Le rôle crucial des innovations technologiques dans le domaine financier a aussi été souligné par les experts invités par le CÉRIUM. « La fintech recèle un grand potentiel de développement économique et d’inclusion financière », a fait valoir Oumar Diallo, directeur de la fintech et de l’innovation à l’Autorité des marchés financiers (AMF) en précisant que l’accès à des services financiers adaptés a un impact sur les revenus et les dépenses des consommateurs africains.

Il a toutefois noté qu’il faut « faire preuve d’inventivité » pour être en mesure de livrer les mêmes services qu’en Amérique du Nord. Entrent en scène les solutions bancaires qui tirent avantage des téléphones mobiles, extrêmement répandus sur le continent. « Il faut encourager activement les start-up locales, dont certaines sont fondées par la diaspora », a déclaré Oumar Diallo en donnant l’exemple de Yulcom Technologies.
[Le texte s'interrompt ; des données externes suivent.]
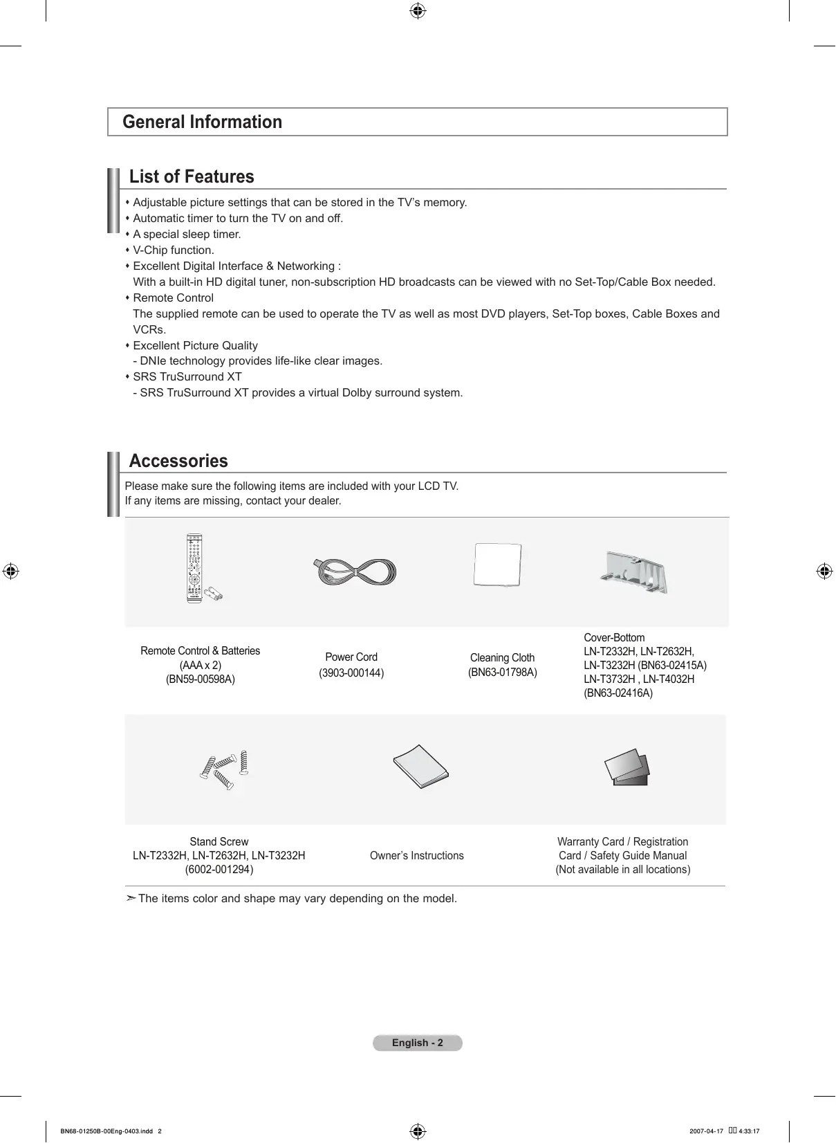 - Serial No. ____________ 2007-04-17 4:31:13 Important Warranty Information Regarding Television Format Viewing Wide screen format LCD Displays (16:9, the aspect ratio of the screen width to height) are primarily designed to view wide ,screen format full-motion video. The images displayed on them should primarily be in the wide screen 16:9 ratio format or expanded to fill the screen if your model offers this feature and the images are constantly moving. Displaying stationary graphics and images on screen, such as the dark side-bars on nonexpanded standard format television video and .programming, should be limited to no more than 5% of the total television viewing per week ,Additionally, viewing other stationary images and text such as stock market reports, video game displays, station logos web sites or computer graphics and patterns, should be limited as described above for all televisions. Displaying stationary images that exceed the above guidelines can cause uneven aging of LCD Displays that leave subtle, but permanent burned-in ghost images in the LCD picture. To avoid this, vary the programming and images, and primarily display .full screen moving images, not stationary patterns or dark bars .On LCD models that offer picture sizing features, use these controls to view different formats as a full screen picture Be careful in the selection and duration of television formats used for viewing. Uneven LCD aging as a result of format .selection and use, as well as burned-in images, are not covered by your Samsung limited warranty U.S.A Only The product unit accompanying this user manual is licensed under certain intellectual property rights of certain ,third parties. In particular, this product is licensed under the following US patents: 5,991,715, 5,740,317, 4,972,484 ,5,544,247 ,5,481,643 ,5,610,985 ,6,289,308 ,5,777,992 ,5,530,655 ,5,606,618 ,5,539,829 ,5,323,396 ,5,214,678 .and under US Published Patent Application No. 2001-44713-A1 ,5,878,080 ,6,023,490 ,5,960,037 This license is limited to private non-commercial use by end-user consumers for licensed contents. No rights are granted for commercial use. The license does not cover any product unit other than this product unit and the license does not extend to any unlicensed product unit or process conforming to ISO/IEC 11172-3 or ISO/IEC 13818-3 used or sold in combination with this product unit. The license only covers the use of this product unit to encode and/or decode audio files conforming to the ISO/IEC 11172-3 or ISO/IEC 13818-3. No rights are granted under this license for product .features or functions that do not conform to the ISO/IEC 11172-3 or ISO/IEC 13818-3 Other countries The product unit accompanying this user manual is licensed under certain intellectual property rights of certain third parties. This license is limited to private non-commercial use by end-user consumers for licensed contents. No rights are granted for commercial use. The license does not cover any product unit other than this product unit and the license does not extend to any unlicensed product unit or process conforming to ISO/IEC 11172-3 or ISO/IEC 13818-3 used or sold in combination with this product unit. The license only covers the use of this product unit to encode and/or decode audio files conforming to the ISO/IEC 11172-3 or ISO/IEC 13818-3. No rights are granted under this license for product .features or functions that do not conform to the ISO/IEC 11172-3 or ISO/IEC 13818-3 Precautions When Displaying a Still Image A still image may cause permanent damage to the TV screen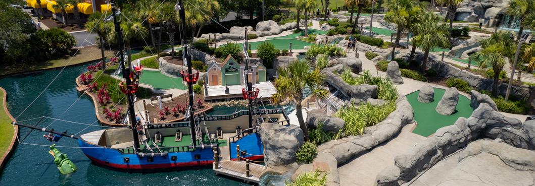 Set sail for adventure at Shipwreck Island Adventure Golf, a longrunning course just a parrot’s perch from the oceanfront. Navigate 36 holes of miniature golf mayhem amidst the wreckage of a mythical pirate ship, The Myrtle Maiden. Play either the Skipper’s Course or Captain’s Course and watch out for playful sharks and tropical treasures as you putt past cascading waterfalls and lush greenery. myrtlebeachfamilygolf.com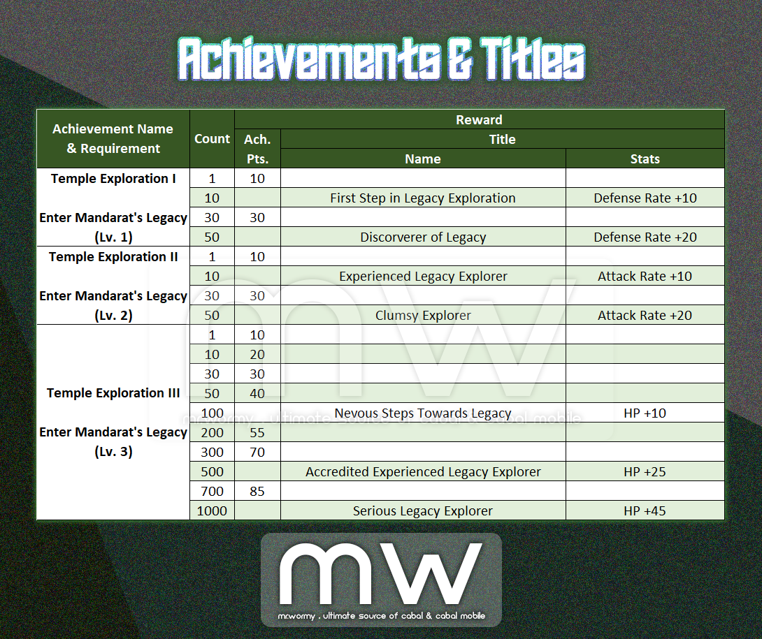 - Different Achievements & Titles will be granted related to Mandarat’s Legacy Dungeons.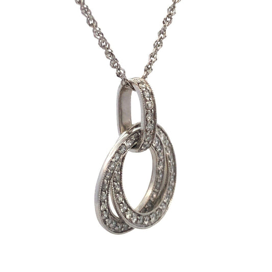 Beautiful 14k White Gold Double Diamond Eternity Anniversary Pendant Necklace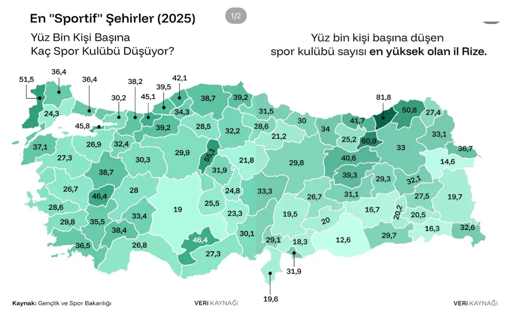 Gençlik ve Spor Bakanlığı verilerine göre yüz bin kişi başına düşen spor kulübü sayısında Rize, 81,8 oranıyla Türkiye’de ilk sıraya yerleşti.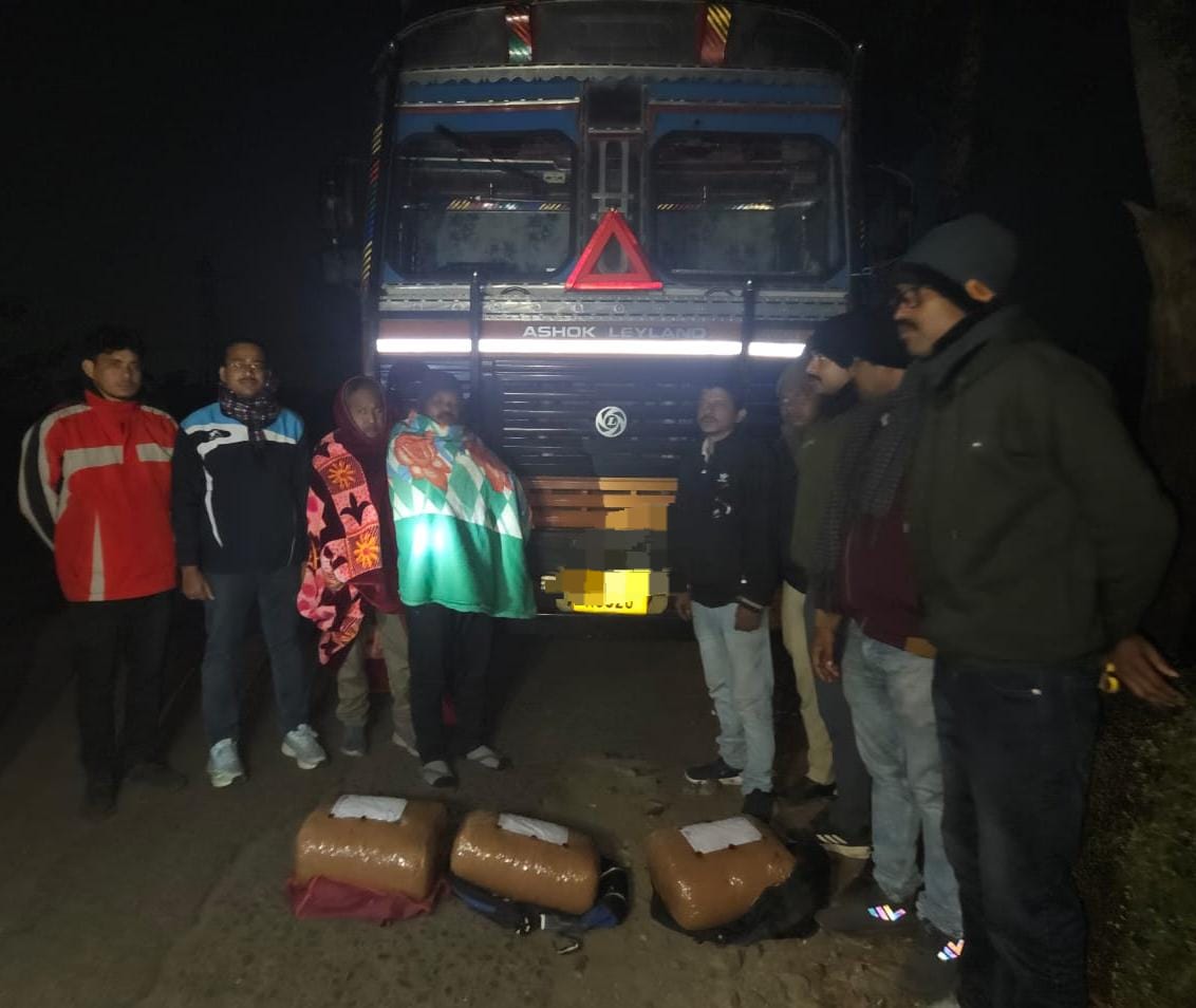 শোভনলাল রাহা, নৈহাটি : যৌথ অভিযানে ২৭ কেজি গাঁজা-সহ তিনজনকে গ্রেফতার করল ব্যারাকপুর পুলিশ কমিশনারেটের গোয়েন্দা বিভাগ ও শিবদাসপুর থানার পুলিশ।বৃহস্পতিবার রাতে নির্ভরযোগ্য সূত্রে পাওয়া খবরের ভিত্তিতে ব্যারাকপুর গোয়েন্দা বিভাগের সক্রিয় সহযোগিতায় শিবদাসপুর থানার পুলিশ নতুন হাট বাজার এলাকায় অভিযান চালায়। ব্যারাকপুর নর্থ জোনের ডিসিপি গণেশ বিশ্বাস জানান, একটি কন্টেনারে ২৭ কেজি গাঁজা পাচার করা হচ্ছিল। সেসময়ই হাতেনাতে তিনজনকে গ্রেফতার করা হয়। বাজেয়াপ্ত করা হয়েছে উদ্ধার হওয়া ২৭ কেজি গাঁজা। ধৃতদের নাম বিশ্বজিৎ রায় (৩৪), সুজিত বড়ুয়া (৩৬) এবং অজয় বিশ্বাস (৪৪)। প্রথমজন উত্তর ২৪ পরগনার নিউ ব্যারাকপুর থানা এলাকার বাসিন্দা। বাকি দু’জনের বাড়ি জলপাইগুড়ি এলাকায়। কোথা থেকে গাঁজা কন্টেনারে তোলা হয়েছিল, কি উদ্দেশ্যে, কোথায় নিয়ে যাওয়া হচ্ছিল সেসব জানতে তদন্ত শুরু করেছে পুলিশ।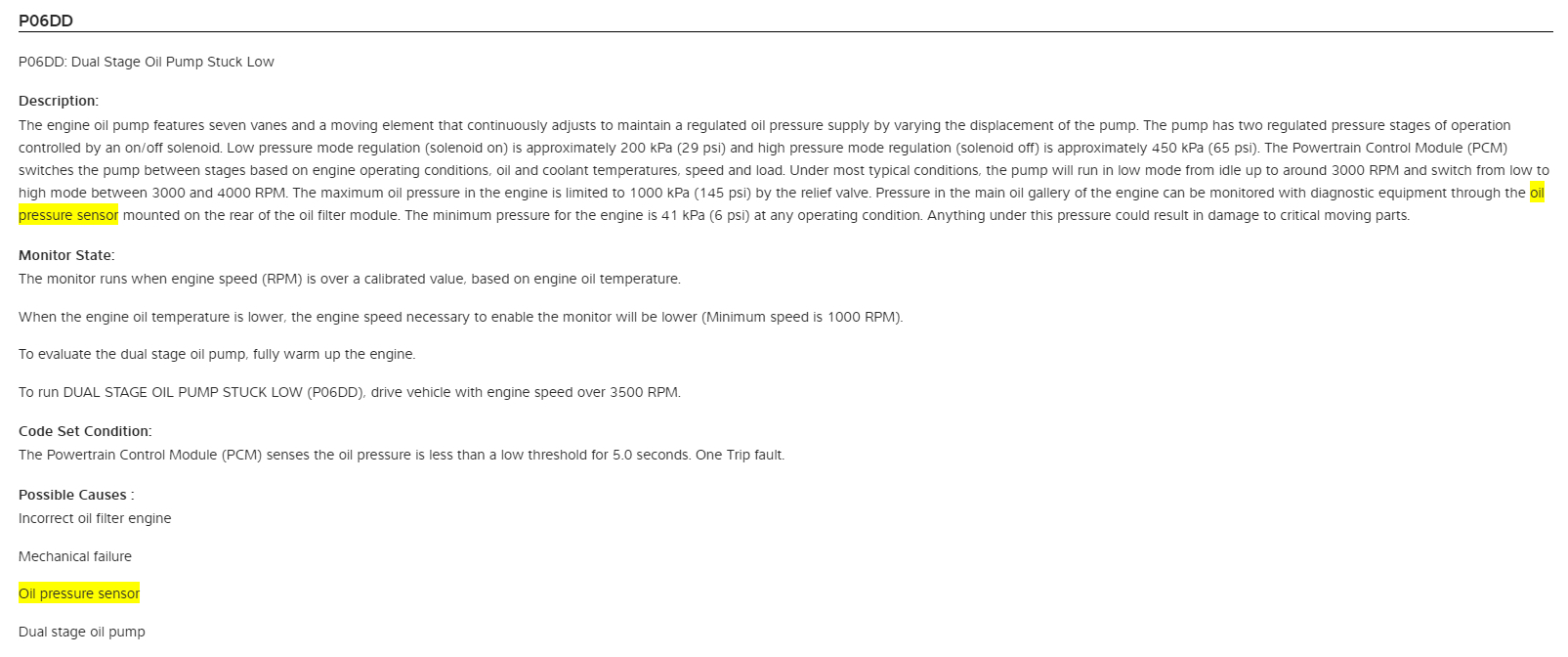 The 4 diagram has a list of all the possible reasons for the code, Replacing the pressure sensor being at the top of the list. Just by this list it looks like even slight oil leaks can trigger this code.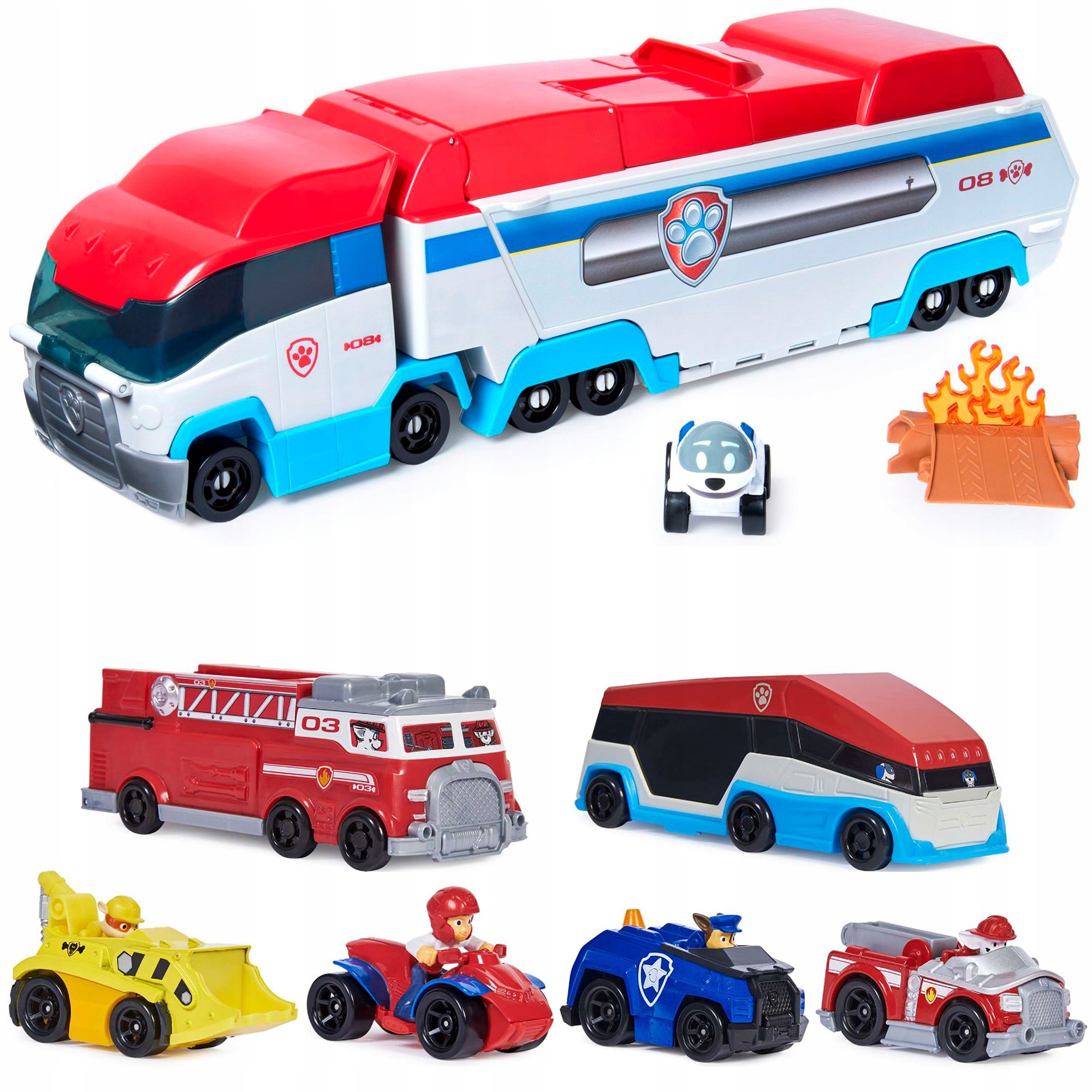 Патрулер белого, синего и красного цвета с тонированными стеклами и оснащен 12 колесами, что позволяет ему устойчиво передвигаться по ровным поверхностям. Прицеп грузовика разворачивается и превращается в большую игрушечную машину. Кроме того, разложенный грузовик позволит ребенку выполнять миссии, например тушить пожар, активировать автоподъемник или спасать медведя, застрявшего среди камней. В автомобиле всего может разместиться 7 металлических транспортных средств.

Début février, cette firme montréalaise dirigée par Youmani Jérôme Lankoandé, originaire du Burkina Faso, a signé une entente avec Développement international Desjardins. L’objectif est « de concevoir une offre de service numérique enrichie » destinée à soutenir l’inclusion financière des populations marginalisées dans les pays en développement et émergents.

Le directeur fintech de l’AMF a également rappelé qu’« il y a beaucoup d’intervenants du secteur privé qui investissent et qui prennent des risques » en Afrique et qu’« il ne faudrait pas sous-estimer l’impact du capital privé dans la manière dont les choses évoluent sur le continent ».

D’ailleurs, le fonds d’investissement Partech Africa a calculé qu’en 2020, 359 levées de fonds en capital de risques ont été réalisées par 347 start-up africaines, pour un financement total de près de 1,5 milliard de dollars américains. Près de 25 % de ces financements visaient les fintechs, suivis par l’agritech, la logistique et la mobilité.

 

« Dans le domaine minier, l’image est assez lugubre »

Les ressources naturelles dont regorge le continent africain ont également été abordées, principalement sous l’angle des problèmes de corruption, du manque de transparence et des impacts environnementaux.

« C’est un peu dangereux de penser que les relations entre le Canada et l’Afrique sont toujours positives ; dans le domaine minier, l’image est assez lugubre : les compagnies minières canadiennes – qui sont les plus nombreuses sur le continent – sont accusées de beaucoup de torts », a tenu à nuancer Nadège Compaoré, professeure adjointe en relations internationales à l’Université de Toronto.

La spécialiste des questions minières et pétrolières en Afrique a souligné que le gouvernement fédéral « a commencé à se rendre compte » de cet enjeu il y a quelques années. Une Stratégie de responsabilité sociétale des entreprises pour les sociétés extractives canadiennes présentes à l’étranger a ainsi été annoncée par Ottawa en 2009, puis révisée en 2014.

Néanmoins, comme l’a fait remarquer Iya Touré, « les ressources naturelles africaines pourraient faire l’objet d’un colloque à part entière ».